2. Add coriander, cumin, turmeric, smoked paprika and cinnamon, stirring well to incorporate. Heat gently until you can smell the spices.

3. Stir in tomato, broth, water and lemon juice and bring to a boil.

4. Add raisins and olives and reduce heat to a simmer. Let simmer 20 minutes or so to let the flavors combine and the raisins plump up.

5. Taste for seasoning and add salt and pepper as needed. Since you’re looking for a balance between sweet and salty, too, you might need to add a bit of something to adjust the sweetness. I wound up stirring in a tablespoon of raw honey before portioning this out, since it was too late to add more golden raisins.
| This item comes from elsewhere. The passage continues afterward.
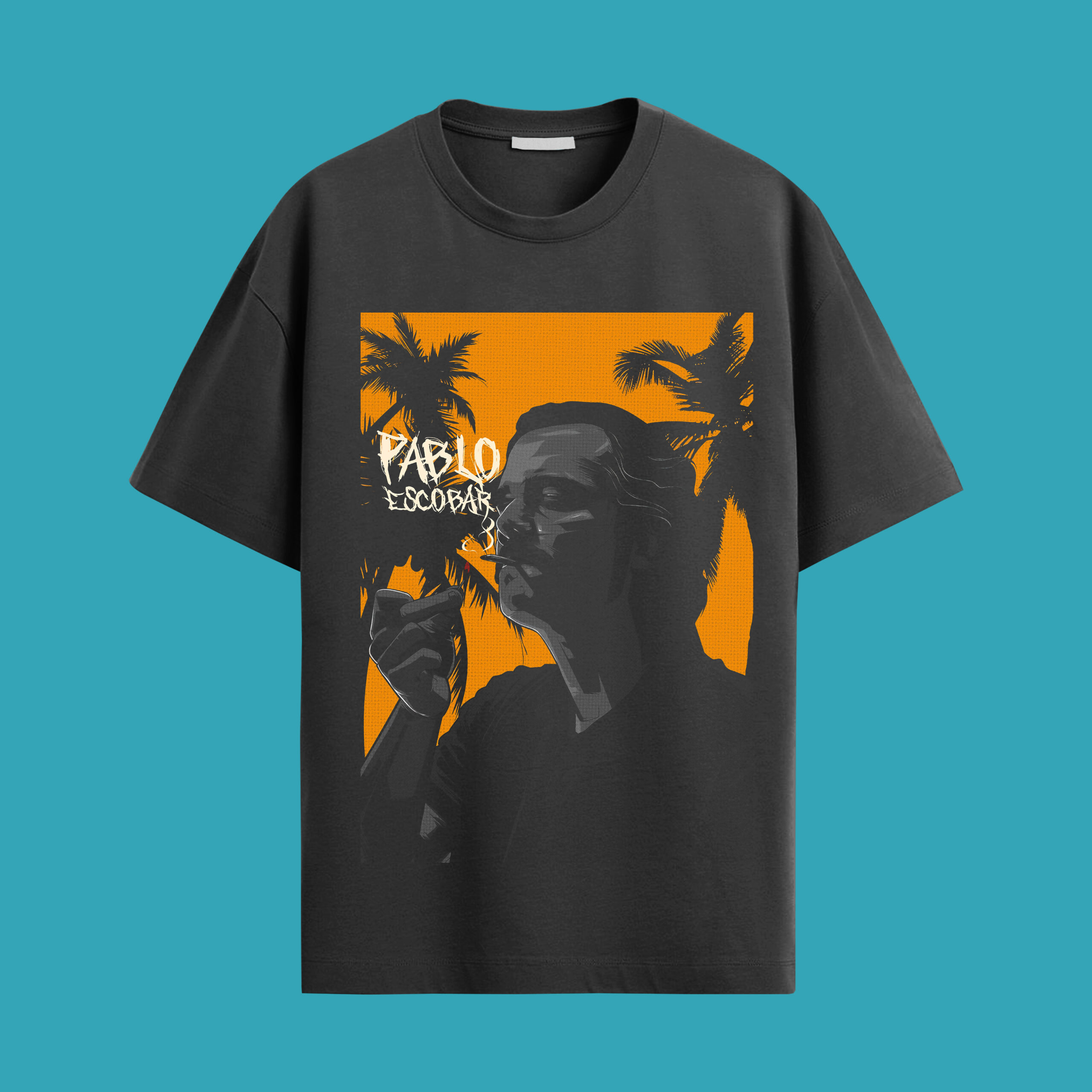 Embrace the bold and enigmatic with this oversized tee, featuring a striking Pablo Escobar graphic set against a vibrant, tropical orange and black backdrop with silhouetted palm trees. The relaxed, drop-shoulder fit captures an effortless “vibe,” making it the perfect statement piece for those who appreciate a blend of controversial pop culture and streetwear style. The deep charcoal fabric beautifully contrasts with the graphic, all set against a cool, plain green background in the photo for a clean, eye-catching presentation.

This made for a lovely, hearty meal. If you can have legumes, this might be nice with the addition of some red kidney beans or chick peas, but it’s great the way it is. The golden raisins add a nice touch of sweetness to go with the briny olives and complement the spice blend, and venison is just plain good. I’ll be making this again for sure! Might still need a bit of tweaking though…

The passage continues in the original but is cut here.